How it was found: pg_policies showed the policy's USING expression was `true`;
probing AS app_user with `app.tenant_id` set revealed rows from other tenants.
The fix: replace the broad policy with a tenant-scoped one:
DROP POLICY tenant_orders_policy ON tenant_orders;
CREATE POLICY tenant_orders_policy ON tenant_orders FOR SELECT TO app_user
USING (tenant_id = current_setting('app.tenant_id', true));
Lesson: RLS must be verified as the application role with its tenant context — a
superuser or the table owner bypasses RLS, so an admin check is misleading. A policy
that's too broad leaks across tenants; too narrow hides a tenant's own rows. Don't
"fix" visibility by disabling RLS or granting superuser — that removes the control
entirely.
INVESTIGATION HINTS (the staged path to diagnose and fix)

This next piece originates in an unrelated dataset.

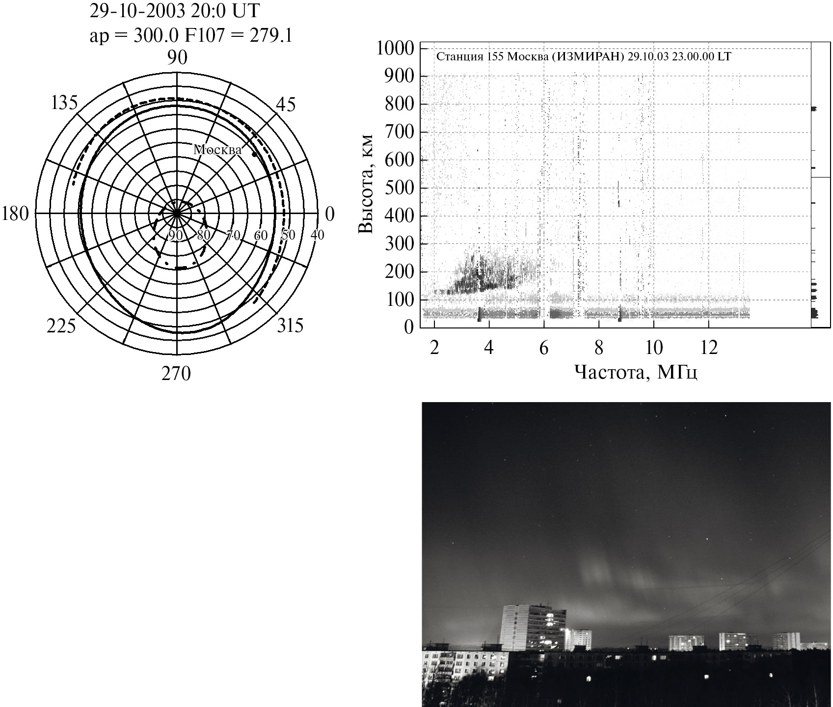 На рис. 1 представлены результаты применения модели GDMI во время экстремально сильной геомагнитной бури 29–31 октября 2003 г. [Веселовский и др., 2004] по данным ионосферной станции ИЗМИРАН 29.10.2003 20:00 UT [Боярчук и др., 2005]. Сплошной линией на левой панели рис. 1 отображено положение экваториальной границы аврорального овала из чего следует, что ст. Москва (ИЗМИРАН) находится внутри области высыпания заряженных частиц солнечного ветра (аврорального овала). Это подтверждается фотографией полярного сияния в проекции восток-запад, на которой хорошо видно направление геомагнитного поля с юга на север, по которому движутся ионизирующие атмосферу частицы (нижняя правая панель на рис. 1). Процесс генерации аврорального слоя E в ночных условиях с очень высокой критической частотой 6 МГц зафиксировал ионозонд “Парус” (правая верхняя панель на рис. 1). Отчетливо виден выраженный основной, аналогичный классическому случаю с частотной зависимостью след с начальной действующей высотой ~ 120 км и сложная диффузная область отражений с большим запаздыванием, которая формируется, по-видимому, как отражениями от локальных неоднородностей (турбулентности) электронной концентрации в слое, так и из-за большой толщины самого слоя.

1. tenant_orders has RLS enabled, but tenants can see each other's rows. Inspect the policy: SELECT * FROM pg_policies WHERE tablename = 'tenant_orders'; — the USING expression is `true`, which lets the app role read everything.
2. Test RLS as the application role, not as admin: a superuser (and the table owner) BYPASSES row-level security, so an admin SELECT is misleading. The policy must scope rows to the tenant via current_setting('app.tenant_id').
3. Replace the broad policy: DROP POLICY tenant_orders_policy ON tenant_orders; then CREATE POLICY ... FOR SELECT TO app_user USING (tenant_id = current_setting('app.tenant_id', true)); Don't disable RLS, and don't grant superuser.